Over het opschroeven van de gaswinning in 2014 vanwege de rijksbegroting: De commissie rapporteert dat het voorstel van de minister (Kamp) van economische zaken om een plafond van 40 miljard kubieke meter gas te introduceren werd overruled door minister van financiën (Dijsselbloem). De conclusie concludeert: Het gemak waarmee de minister van Financiën de kwaliteit van de adviezen van de toezichthouder ter discussie stelt en de inhoud ervan naast zich neerlegt kan niet op begrip van de commissie leiden. Dat geldt evenzeer voor het kabinetsbesluit om het plafond vast te stellen op 42,5 miljard kubieke meter, tegen het advies van Staatstoezicht op de Mijnen in. Kan de commissie hier wat dieper op ingaan? Waren er alternatieven? En waarom is daarvoor niet voor gekozen, in de ogen van de commissie?

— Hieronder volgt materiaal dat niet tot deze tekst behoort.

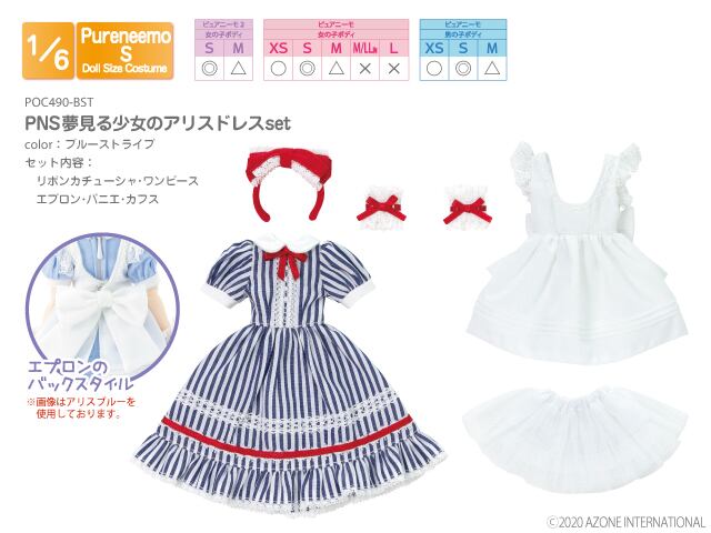 1/6用 PNS 夢見る少女のアリスドレスset ブルーストライプ

De commissie schrijft dat zij van oordeel is dat alle partijen in het gasgebouw, de overheid voorop, te lang te weinig oog gehad hebben voor de veiligheid van Groningers. Na de beving bij Huizinge heeft de minister van Economische Zaken onterecht het voorzorgsbeginsel ten onrechte niet toegepast. Dit beginsel had zwaarder moeten wegen dan het financiële belang van de staat. Kan de commissie uitleggen wat dit voorzorgsbeginsel inhoudt en ook wat het specifiek in deze situatie had moeten betekenen voor de Groningers?
De commissie concludeert dat de minister (van EZK) in januari 2013 door zijn ambtenaren onvolledig is geïnformeerd en niet alle informatie boven tafel heeft gehaald. Daardoor is het debat in de Tweede Kamer op onjuiste gronden gevoerd. De commissie beschouwt dit als een ernstige en verwijtbare tekortkoming en een grove schending van de belangen van Groningers. Kan de commissie deze uitdrukking ernstige en verwijtbare tekortkoming verder duiden? Zowel voor het ambtelijk handelen alsook het proces van politieke besluitvorming. (Geldt het daar beide voor?)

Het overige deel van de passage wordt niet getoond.